When odd characters are displayed instead of the intended text, it’s often due to the font not supporting “high unicode” characters like the marcon character over the letter “a”: ā. Checking the google font @import url in a SASS file showed that the latin extended character set was not included. To do this:
- Find your font at google fonts using the search bar in the upper right and click the font name
- Click the “SELECT THIS FONT” link in the upper right
- Click the “Family Selected” black bar that appears at the bottom right of the page to expand the url builder window
- Click customize
- Scroll to the bottom and select “Latin Extended”
- Go back to the “Embed” tab and you will see that the urls in the STANDARD and @IMPORT tabs have been updated with “subset=latin-ext”
- Paste the embed code of your choice into your style sheets or sass files and voila! Your special characters should render.

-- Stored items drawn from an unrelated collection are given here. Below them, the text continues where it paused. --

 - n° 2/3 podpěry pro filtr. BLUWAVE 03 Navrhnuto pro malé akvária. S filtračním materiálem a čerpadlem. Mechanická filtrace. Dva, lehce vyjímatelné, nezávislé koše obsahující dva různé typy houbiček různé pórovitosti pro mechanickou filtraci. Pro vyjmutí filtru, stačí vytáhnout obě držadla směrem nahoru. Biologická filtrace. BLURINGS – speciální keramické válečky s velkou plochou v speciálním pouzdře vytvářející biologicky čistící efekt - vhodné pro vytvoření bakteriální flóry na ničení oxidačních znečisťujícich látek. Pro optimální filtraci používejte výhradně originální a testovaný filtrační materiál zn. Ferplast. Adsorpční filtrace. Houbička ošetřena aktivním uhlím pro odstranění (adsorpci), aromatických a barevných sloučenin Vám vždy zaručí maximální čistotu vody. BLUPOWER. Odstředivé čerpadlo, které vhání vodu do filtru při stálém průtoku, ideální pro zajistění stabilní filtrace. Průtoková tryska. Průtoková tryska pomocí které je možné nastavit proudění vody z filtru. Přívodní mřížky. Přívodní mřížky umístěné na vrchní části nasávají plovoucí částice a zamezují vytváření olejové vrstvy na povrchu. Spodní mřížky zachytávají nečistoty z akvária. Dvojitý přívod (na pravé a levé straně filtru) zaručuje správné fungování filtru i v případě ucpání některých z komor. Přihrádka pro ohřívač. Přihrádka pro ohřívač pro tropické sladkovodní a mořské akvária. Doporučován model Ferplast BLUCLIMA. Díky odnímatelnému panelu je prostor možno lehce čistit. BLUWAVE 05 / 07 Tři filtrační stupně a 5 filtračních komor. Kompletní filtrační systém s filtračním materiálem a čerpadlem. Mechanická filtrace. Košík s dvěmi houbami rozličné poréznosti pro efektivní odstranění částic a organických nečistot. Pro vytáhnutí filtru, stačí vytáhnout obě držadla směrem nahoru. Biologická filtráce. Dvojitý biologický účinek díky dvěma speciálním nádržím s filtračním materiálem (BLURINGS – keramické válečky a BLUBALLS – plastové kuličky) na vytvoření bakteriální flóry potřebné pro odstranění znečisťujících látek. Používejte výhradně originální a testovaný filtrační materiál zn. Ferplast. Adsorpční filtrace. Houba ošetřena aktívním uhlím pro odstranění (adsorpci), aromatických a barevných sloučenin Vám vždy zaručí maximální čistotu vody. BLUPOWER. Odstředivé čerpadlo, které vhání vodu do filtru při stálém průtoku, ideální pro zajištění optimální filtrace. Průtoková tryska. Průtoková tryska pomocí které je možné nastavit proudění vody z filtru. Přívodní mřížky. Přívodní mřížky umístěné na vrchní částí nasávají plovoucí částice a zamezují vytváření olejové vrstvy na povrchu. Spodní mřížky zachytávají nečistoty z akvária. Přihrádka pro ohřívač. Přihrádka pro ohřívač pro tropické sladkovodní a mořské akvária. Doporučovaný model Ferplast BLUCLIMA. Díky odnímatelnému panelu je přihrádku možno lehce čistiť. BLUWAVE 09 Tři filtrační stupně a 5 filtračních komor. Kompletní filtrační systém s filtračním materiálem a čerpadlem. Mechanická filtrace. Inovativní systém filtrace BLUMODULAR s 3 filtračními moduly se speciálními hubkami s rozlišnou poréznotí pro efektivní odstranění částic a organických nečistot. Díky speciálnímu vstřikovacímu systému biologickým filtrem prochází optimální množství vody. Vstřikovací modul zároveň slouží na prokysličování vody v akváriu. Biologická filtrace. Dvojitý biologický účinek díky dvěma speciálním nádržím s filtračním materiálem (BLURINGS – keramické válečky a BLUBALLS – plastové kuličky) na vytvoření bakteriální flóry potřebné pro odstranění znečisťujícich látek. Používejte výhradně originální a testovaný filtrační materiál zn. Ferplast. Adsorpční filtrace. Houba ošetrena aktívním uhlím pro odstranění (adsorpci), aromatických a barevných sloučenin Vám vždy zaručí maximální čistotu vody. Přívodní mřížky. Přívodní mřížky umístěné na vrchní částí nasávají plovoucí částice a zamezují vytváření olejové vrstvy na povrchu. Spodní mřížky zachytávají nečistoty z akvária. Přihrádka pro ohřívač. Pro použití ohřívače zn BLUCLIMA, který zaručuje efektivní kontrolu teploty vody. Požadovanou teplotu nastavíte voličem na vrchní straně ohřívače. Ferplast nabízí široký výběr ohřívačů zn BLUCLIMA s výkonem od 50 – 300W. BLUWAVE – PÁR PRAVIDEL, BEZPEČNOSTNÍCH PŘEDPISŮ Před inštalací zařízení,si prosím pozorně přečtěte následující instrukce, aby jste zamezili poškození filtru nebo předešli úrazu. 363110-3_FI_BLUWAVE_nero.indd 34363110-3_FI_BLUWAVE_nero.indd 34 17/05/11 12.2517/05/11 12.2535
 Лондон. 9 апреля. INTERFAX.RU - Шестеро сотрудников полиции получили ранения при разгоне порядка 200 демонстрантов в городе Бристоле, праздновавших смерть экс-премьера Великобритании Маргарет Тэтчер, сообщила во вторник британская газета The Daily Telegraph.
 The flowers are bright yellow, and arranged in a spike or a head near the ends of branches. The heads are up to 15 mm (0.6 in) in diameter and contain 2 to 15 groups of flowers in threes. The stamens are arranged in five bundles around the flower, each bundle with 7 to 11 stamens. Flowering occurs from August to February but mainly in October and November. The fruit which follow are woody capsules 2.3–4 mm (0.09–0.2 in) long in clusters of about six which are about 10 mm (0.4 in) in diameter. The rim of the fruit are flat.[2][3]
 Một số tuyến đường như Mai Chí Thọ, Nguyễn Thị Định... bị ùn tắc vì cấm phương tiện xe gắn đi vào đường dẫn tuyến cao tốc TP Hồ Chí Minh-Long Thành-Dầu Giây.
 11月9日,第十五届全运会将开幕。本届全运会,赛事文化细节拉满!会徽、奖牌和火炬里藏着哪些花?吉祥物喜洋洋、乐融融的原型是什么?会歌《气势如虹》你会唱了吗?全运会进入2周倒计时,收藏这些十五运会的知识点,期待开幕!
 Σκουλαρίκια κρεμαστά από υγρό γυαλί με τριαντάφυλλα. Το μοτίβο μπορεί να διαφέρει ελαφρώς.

In a recent case they did not render because the google font being used, “Lato,” was actually out of date despite there being a latin extended option (your font will not render if the font author has not created a glyph for that character). The updated Lato font files were on the font author’s website and downloaded to a font folder within the Drupal theme.
The author had conveniently included a CSS file with an @font-face block linking to each typeface file in the download. Enter the below link in your browser to see the data returned:
https://fonts.googleapis.com/css?family=Lato:300,300i,400,400i&subset=latin-ext
Each @font-face block can contain a number of attributes such as font-weight, font-style, font-family, and src. The author had chosen to name each typeface differently and set font-weight to normal for each despite having light, normal, and bold etc. character sets in the download.
The Google font API implements a different approach, however. In the above example all @font-face blocks return with a font-family identifier of “Lato” as opposed to a unique identifier per block like “Lato-Light” or “LatoRegular” as the font author had done. Google also explicitly sets a numerical value in the font-weight attribute as opposed to a consistent font-weight value of “normal” for all.
You can use either approach, but if you set up your @font-face rules like Google does with consistent font-family names and numerical font-weights just make sure you specify the font-weight declaration in addition to the font-family name when building the declarations that apply to your markup so that the correct set of glyphs can be found and applied.